Cosa pensa il papa del capitalismo?

Carlo Lottieri, IBL, continua a vedere in Francesco non un amico ma un avversario delle libertà economiche

19 Dicembre 2014

L'Espresso

Argomenti / Teoria e scienze sociali

Uno dei misteri dì papa Francesco è la sua visione dell’economia. C’è chi l’ha collocato tra i marxisti irriducibili, dopo aver letto il documento programmatico del suo pontificato, la “Evangelii gaudium”. E c’è chi dallo stesso documento ha tratto la conclusione opposta, dipingendo un Jorge Mario Bergoglio grande amico del libero mercato. Dalla prima delle due definizioni, quella di comunista, il papa ha preso ripetutamente le distanze, fino a scherzarci sopra. Dalla seconda, quella di filocapitalista, no. Ma non è per niente sicuro che essa corrisponda al suo pensiero.
A individuare in Francesco un paladino della libera economia non è stato qualche isolato spirito bizzarro, ma l’Acton Instítute, uno dei più autorevoli “think tank” degli Stati Uniti, la cui idea maestra è che il capitalismo tanto più fiorisce quanto più la società in cui opera è libera e religiosamente ispirata. Lo scorso 4 dicembre l’Acton Institute ha assegnato il suo più alto riconoscimento annuale, il Novak Award 2014, a un giovane e brillante economista finlandese, Oskari Juurikkala, il quale ha tenuto a Roma la sua lezione di investitura proprio sul tema: “Un apprezzamento pro mercato di papa Francesco”. La tesi di Juurikkala è che il messaggio di Bergoglio, con la sua enfasi sui poveri, non solo non è in contraddizione con il libero mercato, ma porta ad esso dei benefici, perché aiuta a «purificarlo e arricchirlo».

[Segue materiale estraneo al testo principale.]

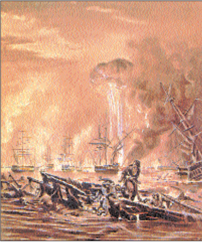
1827 Navarin savaşının tasvir edildiği bir tablo (İstanbul Deniz Müzesi, Hüsnü Tengüz Albümü)

rihinde "Navarin faciası" diye geçen bu haksız tavır karşısında Osmanlılar müttefiklerden tazminat talep ettiyse de bir sonuç alınmadı (Lutfi, I, 65). Yalnız İngiliz Amiralî Codrington yapılanlardan sorumlu tutularak görevinden azledildi. Navarin, müttefiklerin baskısı ile bir tahliye anlaşması imzalanıncaya kadar İbrâhim Paşa'nın idaresinde kaldı. 29 Ağustos 1828'de Navarin'e gelen bir Fransız ordusu burayı teslim aldı; böylece şehir kesin olarak Türk idaresinden çıkmış oldu.
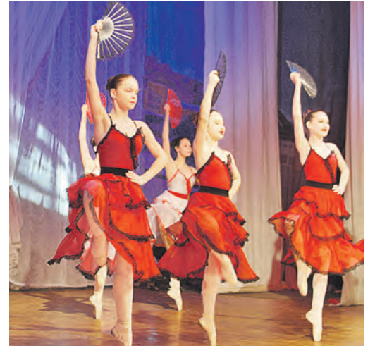
Будущие плисецкие и павловы подрастают в Центре развития творчества детей и юношества
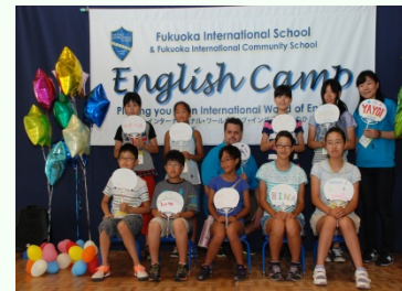
留学体験インモモチ
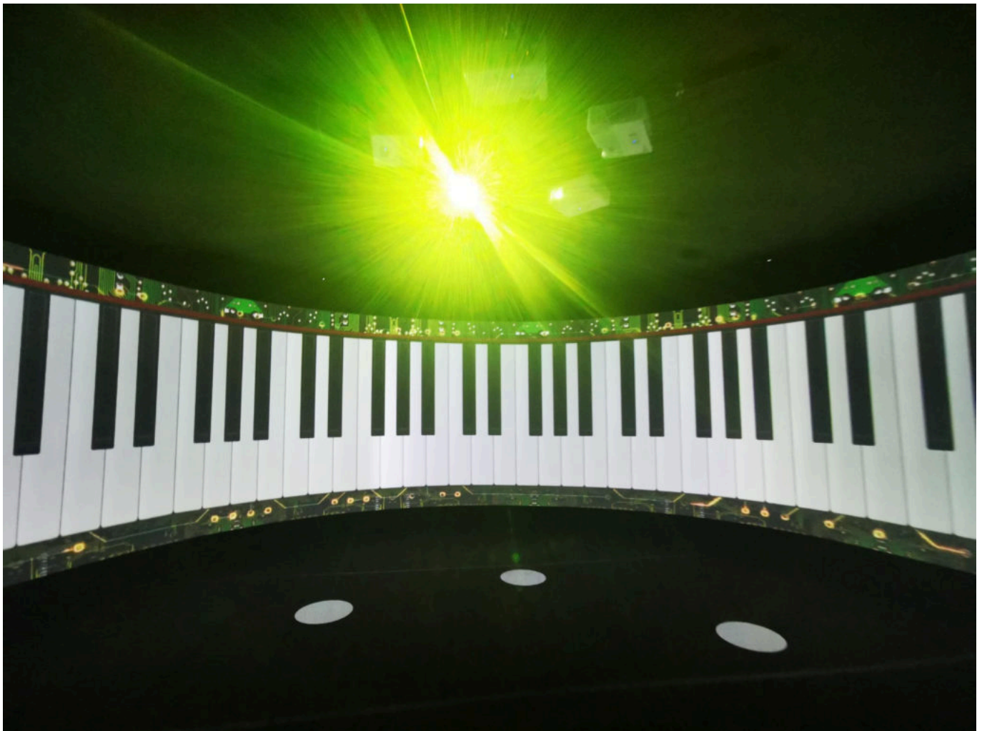
Le pianocktail vous attend au Grenier à sel.
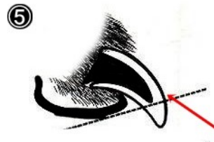
⑤ Kun kynnen pitää lyhyenä, riski leikata ytimeen pienenee.
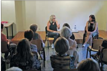
Núria Pradas, durante el Club de lectura del día 20.

La Biblioteca de La Llagosta inició el día 20 las actividades para adultos del curso 2023-2024. Una edición del Club de lectura, con la presencia de la escritora Núria Pradas, sirvió para inaugurar el curso. La sala de exposiciones de Can Pelegrí se llenó durante el acto. Las personas asistentes pudieron comentar con su autora la novela La vida secreta de Sylvia Nolan . Además de este Club de lectura, la Biblioteca ha preparado otras dos sesiones del Club de lectura. Una será en octubre, previa a la salida al Teatro Nacional de Cataluña (TNC) para ver la obra La plaza del Diamante , de Mercè Rodoreda. El Club de lectura del mes de noviembre estará dedicado a la obra El tiempo de las moscas , de Laura Piñeiro. En octubre también está programado presentar el libro Wannaji. Cinco mujeres

Alla lezione di Juurikkala ha fatto da contrappeso, nello stesso evento, Carlo Lottieri, filosofo del diritto e membro dell’Istituto Bruno Leoni, un “think tank” anch’esso marcatamente liberista. Lottieri continua a vedere in Francesco non un amico ma un avversario delle libertà economiche, non da ultimo per l’esperienza “peronista” da lui assimilata in Argentina, «mai veramente conclusa e complessivamente disastrosa». Ma c’è dell’altro. Da un paio di mesi si è costituito a Roma un “Cenacolo degli amici di papa Francesco” che vanta tra i suoi soci più assidui i cardinali Walter Kasper e Francesco Coccopalmerio, il direttore de “La Civiltà Cattolica” Antonio Spadaro e il segretario del pontificio consiglio della giustizia e della pace Mario Toso. L’ultimo loro incontro, lo scorso 10 dicembre, l’hanno dedicato a quello che ritengono il vero manifesto rivelatore della visione economica e politica del papa: non la “Evangelii gaudium” ma il discorso da lui tenuto il 28 ottobre in Vaticano ai «movimenti popolari», discorso da essi definito «storico» e «rivoluzionario».
Ad ascoltare e ad applaudire papa Francesco, quel giorno, c’era un campionario dell’ultrasinistra mondiale, dagli zapatisti del Chiapas al centro sociale Leoncavallo di Milano. Particolarmente numerosi i sudamericani, tra i quali il presidente boliviano Evo Morales in qualità di leader “cocalero”. E che cosa ha detto il papa? Che il rinnovamento del mondo appartiene a loro, alle «periferie» che «odorano di popolo e di lotta», alla moltitudine degli esclusi e dei ribelli, grazie a un processo di loro ascesa al potere che «trascende i procedimenti logici della democrazia formale».
È stupefacente la similitudine tra questo discorso di papa Francesco e le teorie sostenute dal filosofo della politica Toni Negri e dal suo discepolo Michael Hardt in un libro del 2002 che ha fatto epoca ed è stato tradotto in più lingue: “Impero”. Sia Francesco che Negri individuano la sovranità mondiale vera in un dominio transnazionale del denaro, che alimenta le guerre per sanare i propri bilanci, contro il quale solo la moltitudine dei «movimenti popolari» può portare a una «riappropriazione della democrazia» non formale ma sostanziale.
Anche a Strasburgo, nel discorso al parlamento europeo, papa Francesco non ha mancato di ergersi contro «i sistemi uniformanti di potere finanziario al servizio di imperi sconosciuti». Poi però, pochi giorni dopo, ha ricevuto in Vaticano con tutti gli onori Christine Lagarde, la numero uno di quel Fondo Monetario Internazionale che è l’emblema del deprecato «impero». Il mistero è lontano dall’essere sciolto.